HeyGen
- Industry: Artificial intelligence
- Founded: 2020; 6 years ago
- Founders: Joshua Xu; Wayne Liang;
- Headquarters: Los Angeles, California, U.S.
- Products: HeyGen Avatar IV
- Website: heygen.com

= HeyGen =

Avatar-generating machine learning model

HeyGen is a generative artificial intelligence company that creates photo-realistic avatars via user-submitted photos and videos as well as a library of pre-made avatars and voices. The digital avatar can recite prompts in multiple languages.

When submitting content to be used in the generation of a video, users are required to give verbal consent, along with a spoken password to verify their identity. Human moderators are used to remove and block any content used for the purpose of bullying, harassment, and the spread of disinformation, in addition to the use of an automated content filter.

==History==
HeyGen (originally named Surreal, later rebranded from Movio) was founded by Joshua Xu and Wayne Liang in 2020. HeyGen established its headquarters in Los Angeles in 2022. The company initially raised capital from investors including Sequoia China (now HongShan) and ZhenFund.

The HeyGen app launched in September 2022. In November 2023, the company raised $5.6 million in funding from Sarah Guo’s venture capital firm, Conviction. In exchange for the funding, Guo would replace HongShan’s seat on the board of directors. As of the same date, the company reported employing 25 people.

In 2024, the service was used to translate and lip-sync Argentinian president Javier Milei's speech to the World Economic Forum.

In June 2024, HeyGen raised $60 million in a funding round that valued the company at $500 million. The funding was led by Benchmark, with participation from Conviction, Bond Capital, and Thrive Capital. As of that date, the company reported having more than 40,000 customers and an annualized recurring revenue of $35 million.

In November 2024, HeyGen was recognized by Fast Company as part of the publication’s "Next Big Things in Tech" list. The company was also recognized by Inc. as part of their 2024 "Best in Business" list.

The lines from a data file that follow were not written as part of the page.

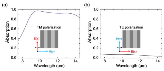 In recent years, absorbers based on metamaterials have been extensively investigated [17,18]. Metamaterial absorbers can selectively absorb incident electromagnetic waves at the nanoscale and modulate key parameters such as the response band, transmittance, and intensity [19,20], breaking through the limitations of conventional absorbers and triggering promising applications in detectors [21], thermal emitters [22], thermal imaging [23,24], and energy harvesting [25]. Previous research investigated the design of various structures to improve absorptance, including metal gratings [26,27], multilayer structures [28,29], nanoparticles [30], nanocubes [21], and nanoholes [31,32]. However, these studies usually focus on broadening the absorption peak and are insufficient for meeting the growing demand of polarization imaging. Conventional polarization imaging technologies pair pixels of an uncooled focal plane array with polarizers and place a 2 × 2 array of polarizers in front of a unit consisting of four pixels (the transmission axis of each polarizer is placed at 0°, 45°, 90°, and 135°) to measure intensity [33]. Nevertheless, additional polarizers make the optical system inevitably complex and bulky, leading not only to high costs but also to the degradation of the detector’s performance. Furthermore, in the long-wavelength infrared (LWIR) atmospheric window of 8000–14,000 nm, there are very few reports on polarization-selective absorbers. Designing an ultra-broadband high-absorption and polarization-selective absorber covering the entire LWIR is consequently necessary.
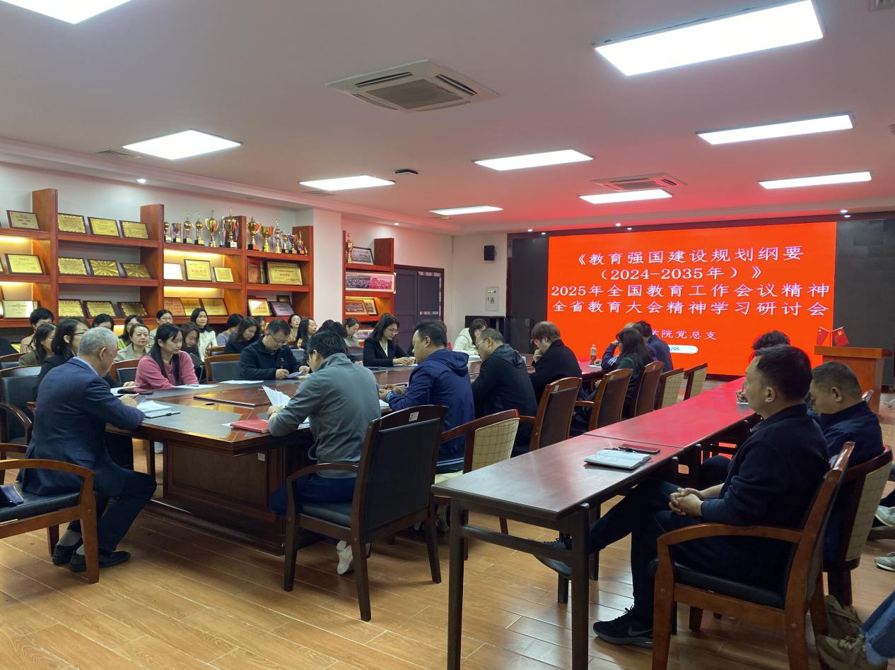 为深入学习贯彻《教育强国建设规划纲要(2024-2035年)》、2025年全国教育工作会议和全省教育大会精神,切实把思想和行动统一到党中央、国务院和省委、省政府关于教育工作的决策部署上来,3月5日,我校商贸学院举办了专题学习研讨会,学校党委委员王志明、商贸学院党总支副书记袁少锋、副院长戴航、徐兰及全体教职员工参加了研讨会。
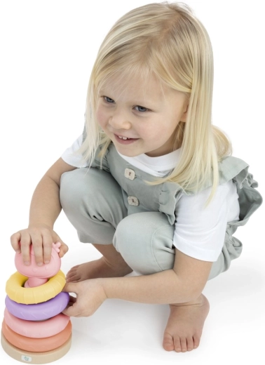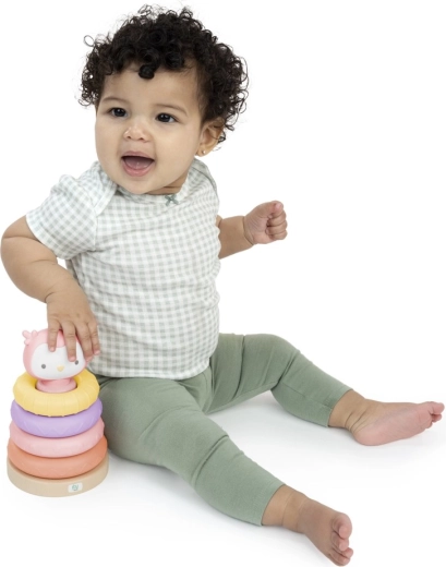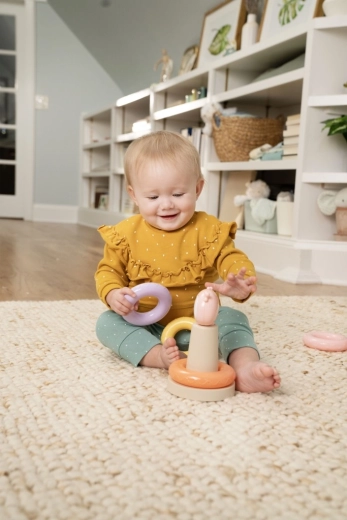 La solida base effetto legno mantiene la piramide stabile durante il gioco, mentre la gufetta in cima motiva i piccoli a completare la costruzione.
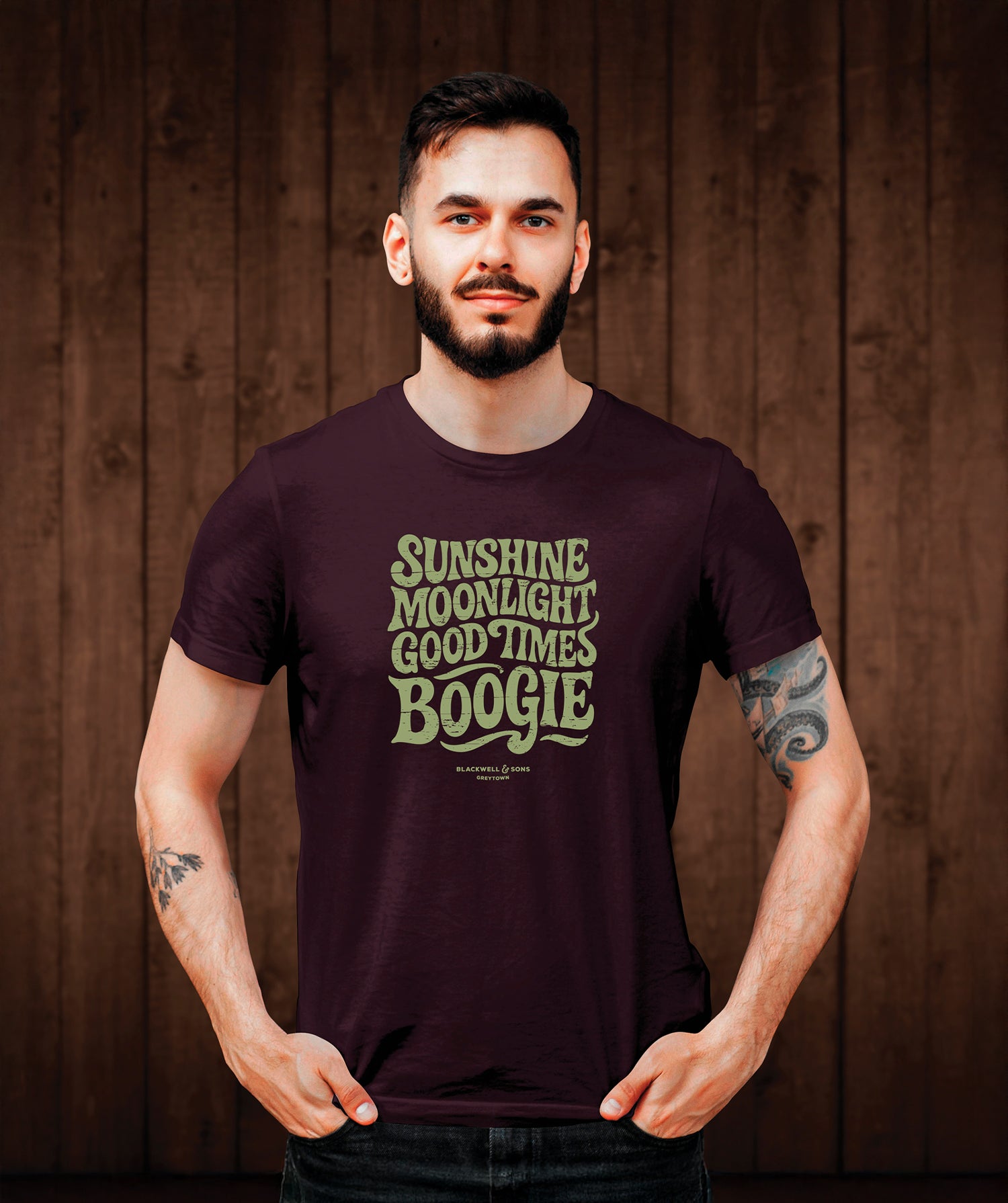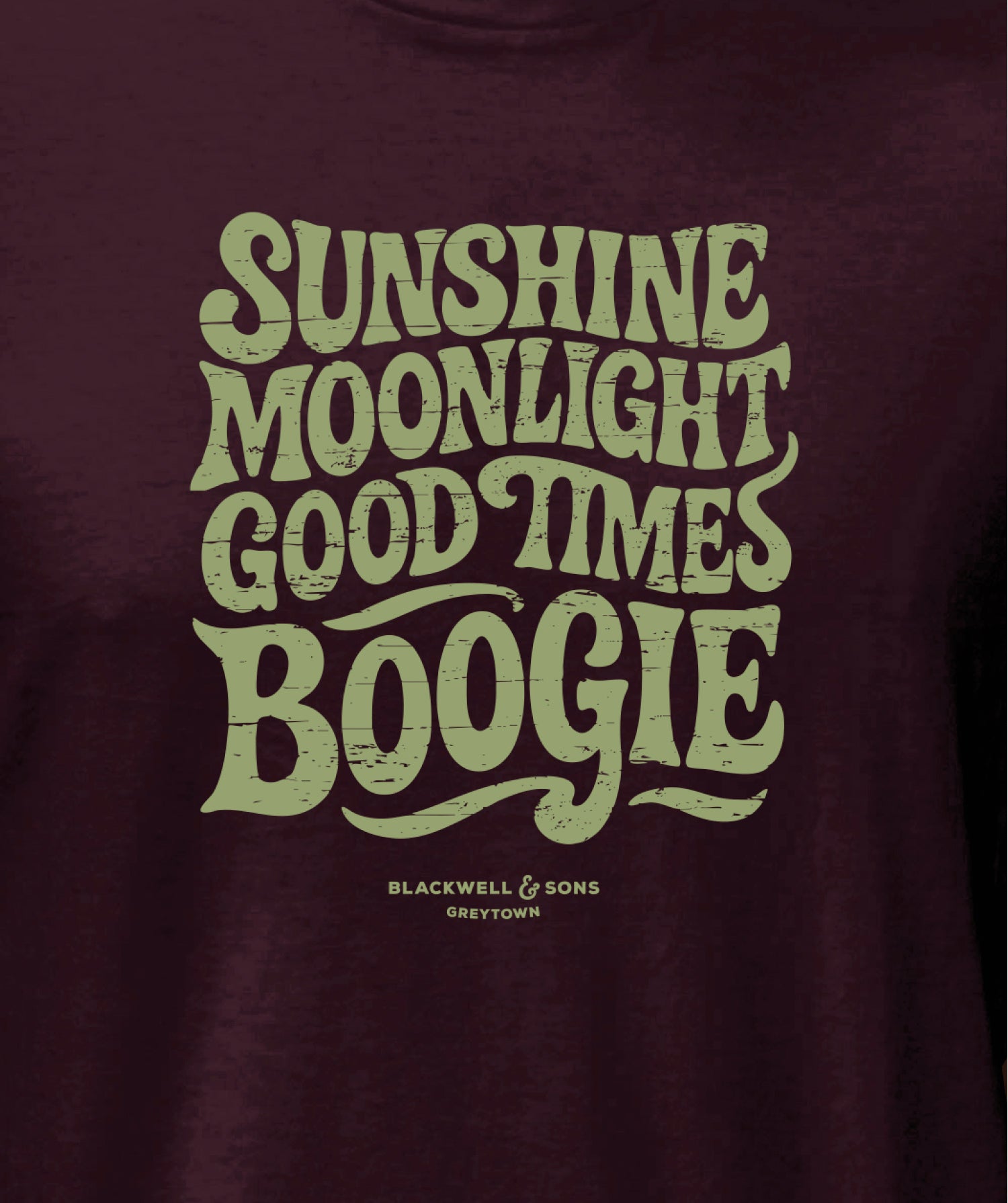 Sunshine, Moonlight, Good Times, Boogie Tee Shirt - Maroon
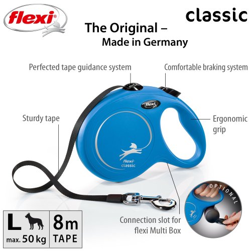 Vodítka flexi® classic ponúkajú pohodlný úchop, odolný navíjací systém aj kvalitný, bezpečný a intuitívny brzdový systém, ktorý v zlomku sekundy zastaví pohyb psa. Pre ľahké upevnenie vodidla k obojku alebo postroju je vodítko opatrené chrómovanou karabínou. Samozrejmosťou je zdokonalený výstup pásky, ktorý zaisťuje manipuláciu v ľubovoľnom smere bez zasekávania - potvrdené nespočetnými testami.
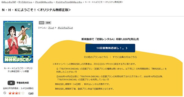 動画配信サービスとは少し違い、DVDレンタルサービスになりお試し期間で、「N・H・Kにようこそ!」の動画を全話視聴することができます。

HeyGen has been reported by media, as well as by Russian cybersecurity analysts Group-IB, as a tool used to create deepfakes in harmful videos, ranging from consumer scams to deceptive health-related content and geopolitical propaganda. The company website states, in 2026, that "HeyGen is one of the leading online deepfake makers because it includes face swap technology, image to video deepfake tools, GIF creation, and avatar features."